The sensors, which allow to control glucose via mobile, will be available within an approximate period of two months.
Health centers will facilitate children and adolescents with type 1 diabetes between 4 and 18 years of age a new device that allows to control glucose levels through the mobile phone, without the need for the usual punctures on the finger.
The measure, announced at the end of February by the Ministry of Health, will benefit some 550 minors throughout the region, and will be launched over the next two months, once the last details were killed yesterday at a meeting in a meetingAmong the Director General of Health Assistance of the SMS, Roque Martínez, and the representatives of the Regional Federation of Diabetics Associations (FREMUD).

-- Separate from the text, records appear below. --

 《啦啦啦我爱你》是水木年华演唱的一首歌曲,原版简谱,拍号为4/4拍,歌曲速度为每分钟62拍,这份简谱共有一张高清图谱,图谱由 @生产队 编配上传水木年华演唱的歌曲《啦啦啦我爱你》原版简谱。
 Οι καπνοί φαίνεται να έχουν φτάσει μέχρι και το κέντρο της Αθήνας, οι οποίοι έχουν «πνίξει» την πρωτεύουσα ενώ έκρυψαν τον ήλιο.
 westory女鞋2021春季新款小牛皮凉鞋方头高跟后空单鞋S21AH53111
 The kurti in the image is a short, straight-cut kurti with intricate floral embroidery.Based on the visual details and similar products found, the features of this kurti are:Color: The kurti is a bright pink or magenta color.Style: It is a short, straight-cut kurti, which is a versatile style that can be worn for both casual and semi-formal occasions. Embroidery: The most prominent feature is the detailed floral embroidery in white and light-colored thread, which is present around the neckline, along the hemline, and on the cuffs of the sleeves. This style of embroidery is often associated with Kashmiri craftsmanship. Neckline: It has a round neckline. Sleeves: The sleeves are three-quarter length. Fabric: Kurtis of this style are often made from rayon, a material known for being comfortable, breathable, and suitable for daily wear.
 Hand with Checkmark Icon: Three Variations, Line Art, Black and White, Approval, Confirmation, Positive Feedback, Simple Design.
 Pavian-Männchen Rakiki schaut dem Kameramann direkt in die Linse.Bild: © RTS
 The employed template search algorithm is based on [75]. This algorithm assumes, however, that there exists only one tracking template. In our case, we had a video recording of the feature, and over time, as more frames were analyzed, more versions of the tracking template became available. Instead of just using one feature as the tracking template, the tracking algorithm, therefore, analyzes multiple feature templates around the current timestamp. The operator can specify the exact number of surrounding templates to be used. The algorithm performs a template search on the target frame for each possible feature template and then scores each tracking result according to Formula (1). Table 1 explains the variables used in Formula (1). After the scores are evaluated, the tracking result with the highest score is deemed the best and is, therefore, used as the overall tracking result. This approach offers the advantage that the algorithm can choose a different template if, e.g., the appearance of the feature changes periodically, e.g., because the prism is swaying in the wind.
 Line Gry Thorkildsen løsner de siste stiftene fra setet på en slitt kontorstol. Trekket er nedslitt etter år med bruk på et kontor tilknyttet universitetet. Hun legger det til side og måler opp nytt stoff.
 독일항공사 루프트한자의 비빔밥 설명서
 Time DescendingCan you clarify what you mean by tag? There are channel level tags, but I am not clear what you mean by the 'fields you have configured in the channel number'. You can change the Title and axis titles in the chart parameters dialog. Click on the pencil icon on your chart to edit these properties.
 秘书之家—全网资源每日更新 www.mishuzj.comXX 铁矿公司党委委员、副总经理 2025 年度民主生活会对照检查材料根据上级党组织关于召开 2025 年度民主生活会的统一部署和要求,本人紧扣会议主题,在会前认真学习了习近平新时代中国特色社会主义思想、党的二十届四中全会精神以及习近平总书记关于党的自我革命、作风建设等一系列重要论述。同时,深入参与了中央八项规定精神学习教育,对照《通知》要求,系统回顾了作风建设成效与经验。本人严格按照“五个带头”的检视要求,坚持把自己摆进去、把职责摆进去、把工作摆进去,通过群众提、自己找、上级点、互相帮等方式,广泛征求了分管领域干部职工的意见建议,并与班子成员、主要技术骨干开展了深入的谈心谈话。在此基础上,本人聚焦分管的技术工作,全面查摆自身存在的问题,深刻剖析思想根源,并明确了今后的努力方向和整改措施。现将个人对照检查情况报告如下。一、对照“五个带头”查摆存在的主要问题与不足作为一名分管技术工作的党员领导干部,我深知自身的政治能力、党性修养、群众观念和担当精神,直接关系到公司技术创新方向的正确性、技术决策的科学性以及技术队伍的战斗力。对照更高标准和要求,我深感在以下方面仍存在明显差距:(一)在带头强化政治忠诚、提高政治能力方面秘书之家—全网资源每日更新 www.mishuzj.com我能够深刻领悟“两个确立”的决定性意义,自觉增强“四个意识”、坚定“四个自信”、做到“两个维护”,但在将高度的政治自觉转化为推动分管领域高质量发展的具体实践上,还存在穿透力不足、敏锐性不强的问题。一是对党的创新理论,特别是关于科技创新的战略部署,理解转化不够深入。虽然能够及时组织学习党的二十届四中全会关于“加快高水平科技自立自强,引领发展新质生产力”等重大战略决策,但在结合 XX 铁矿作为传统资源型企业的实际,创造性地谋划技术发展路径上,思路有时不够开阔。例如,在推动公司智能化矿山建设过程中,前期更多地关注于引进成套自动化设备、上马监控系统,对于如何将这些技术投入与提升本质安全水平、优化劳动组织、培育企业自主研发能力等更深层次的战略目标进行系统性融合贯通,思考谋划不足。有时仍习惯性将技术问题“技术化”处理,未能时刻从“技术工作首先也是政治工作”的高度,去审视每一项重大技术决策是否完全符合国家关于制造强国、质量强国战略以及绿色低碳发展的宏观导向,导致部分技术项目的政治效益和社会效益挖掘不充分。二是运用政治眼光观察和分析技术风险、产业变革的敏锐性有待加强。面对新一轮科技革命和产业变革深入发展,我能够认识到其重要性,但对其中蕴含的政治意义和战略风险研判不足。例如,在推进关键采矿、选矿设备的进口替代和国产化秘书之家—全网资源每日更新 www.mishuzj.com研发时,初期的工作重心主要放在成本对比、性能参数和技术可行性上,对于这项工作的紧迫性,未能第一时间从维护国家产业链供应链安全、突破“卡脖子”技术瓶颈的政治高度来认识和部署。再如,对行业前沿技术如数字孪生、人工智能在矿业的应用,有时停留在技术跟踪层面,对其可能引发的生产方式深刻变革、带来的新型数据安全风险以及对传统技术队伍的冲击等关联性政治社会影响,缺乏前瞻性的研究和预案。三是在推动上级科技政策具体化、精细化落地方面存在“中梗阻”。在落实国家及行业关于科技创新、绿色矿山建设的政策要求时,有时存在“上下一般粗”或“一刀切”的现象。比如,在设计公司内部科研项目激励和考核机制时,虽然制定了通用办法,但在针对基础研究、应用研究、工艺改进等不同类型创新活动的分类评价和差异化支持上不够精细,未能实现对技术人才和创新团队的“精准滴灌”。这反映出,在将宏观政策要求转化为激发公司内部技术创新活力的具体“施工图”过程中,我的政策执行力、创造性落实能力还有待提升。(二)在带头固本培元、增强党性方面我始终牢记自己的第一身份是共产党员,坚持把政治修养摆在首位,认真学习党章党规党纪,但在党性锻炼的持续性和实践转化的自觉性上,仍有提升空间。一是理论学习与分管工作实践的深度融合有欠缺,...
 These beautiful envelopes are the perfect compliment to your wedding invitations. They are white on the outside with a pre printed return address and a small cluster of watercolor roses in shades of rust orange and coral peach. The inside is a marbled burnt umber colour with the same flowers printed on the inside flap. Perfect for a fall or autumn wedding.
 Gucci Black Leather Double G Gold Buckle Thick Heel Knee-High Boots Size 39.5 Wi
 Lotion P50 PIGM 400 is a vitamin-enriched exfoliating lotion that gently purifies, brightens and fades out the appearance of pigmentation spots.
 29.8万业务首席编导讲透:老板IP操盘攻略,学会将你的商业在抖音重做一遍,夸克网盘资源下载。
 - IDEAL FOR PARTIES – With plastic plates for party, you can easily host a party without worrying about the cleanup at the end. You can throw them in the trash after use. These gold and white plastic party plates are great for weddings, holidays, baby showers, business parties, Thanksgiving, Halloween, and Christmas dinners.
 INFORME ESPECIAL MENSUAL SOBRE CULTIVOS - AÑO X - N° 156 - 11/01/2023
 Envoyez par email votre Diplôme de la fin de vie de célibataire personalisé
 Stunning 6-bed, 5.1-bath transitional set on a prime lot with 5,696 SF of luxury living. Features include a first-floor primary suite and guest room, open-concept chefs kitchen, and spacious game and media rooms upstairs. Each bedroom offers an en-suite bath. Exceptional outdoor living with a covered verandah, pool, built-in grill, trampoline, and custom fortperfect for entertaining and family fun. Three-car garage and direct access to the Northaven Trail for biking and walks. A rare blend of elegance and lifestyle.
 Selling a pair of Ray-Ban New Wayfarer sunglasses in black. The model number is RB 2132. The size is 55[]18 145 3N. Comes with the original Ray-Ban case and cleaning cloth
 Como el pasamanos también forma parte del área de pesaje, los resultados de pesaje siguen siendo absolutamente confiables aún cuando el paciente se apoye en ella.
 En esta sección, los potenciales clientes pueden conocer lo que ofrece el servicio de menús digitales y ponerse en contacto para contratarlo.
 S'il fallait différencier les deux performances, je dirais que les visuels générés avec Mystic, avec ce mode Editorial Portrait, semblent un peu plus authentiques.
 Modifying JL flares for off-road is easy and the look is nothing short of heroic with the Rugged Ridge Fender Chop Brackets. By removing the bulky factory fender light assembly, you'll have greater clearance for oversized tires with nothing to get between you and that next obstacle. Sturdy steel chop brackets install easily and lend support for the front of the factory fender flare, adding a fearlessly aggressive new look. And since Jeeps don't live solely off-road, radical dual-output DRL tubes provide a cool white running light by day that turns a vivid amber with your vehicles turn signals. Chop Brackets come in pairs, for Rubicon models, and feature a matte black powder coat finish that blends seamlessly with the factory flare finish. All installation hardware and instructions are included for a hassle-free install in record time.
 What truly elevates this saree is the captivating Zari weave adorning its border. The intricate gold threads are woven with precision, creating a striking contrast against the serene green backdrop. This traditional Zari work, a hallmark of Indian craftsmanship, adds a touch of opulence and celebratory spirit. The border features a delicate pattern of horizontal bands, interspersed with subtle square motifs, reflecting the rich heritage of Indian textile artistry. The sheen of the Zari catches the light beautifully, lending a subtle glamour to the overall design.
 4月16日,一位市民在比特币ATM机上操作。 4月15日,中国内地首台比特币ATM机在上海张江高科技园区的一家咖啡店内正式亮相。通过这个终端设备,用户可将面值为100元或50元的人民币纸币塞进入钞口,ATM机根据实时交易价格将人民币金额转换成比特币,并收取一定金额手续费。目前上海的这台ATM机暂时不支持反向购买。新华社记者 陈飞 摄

With the new device, reactive strips and punctures on the finger are replaced by sensors that are placed in the arm.To know the glucose level, you just have to bring the 'smartphone' closer, in which an application (LibreLink) must have been discharged that allows you to read and store the results.This information will allow parents to know the evolution of glucose, and will also be incorporated into the patient's electronic medical history, says Roque Martínez.
The endrocrinos will be responsible for prescribing these sensors.Parents will have to go to their health center to pick them up, and will be completely free.Each sensor has a market cost of 59.90 euros, and a duration of 14 days.Health will facilitate 26 of these devices for each child per year.
Murcia becomes the fourth autonomous community to incorporate this new technology into the public health system.Valencian Community, Castilla-La Mancha and the Basque Country already subsidize it.
The president of Fremud, Silvia Serrano, is confident that the measure begins to apply "immediately."Sources of the Ministry of Health explain that the protocols are already prepared, and that only the company gathers and has the sensors for the 550 patients between 4 and 18 years with type 1 diabetes in the region.Fremud asks that in the future the measure is extended beyond 18 years, "because diabetes does not end at that age."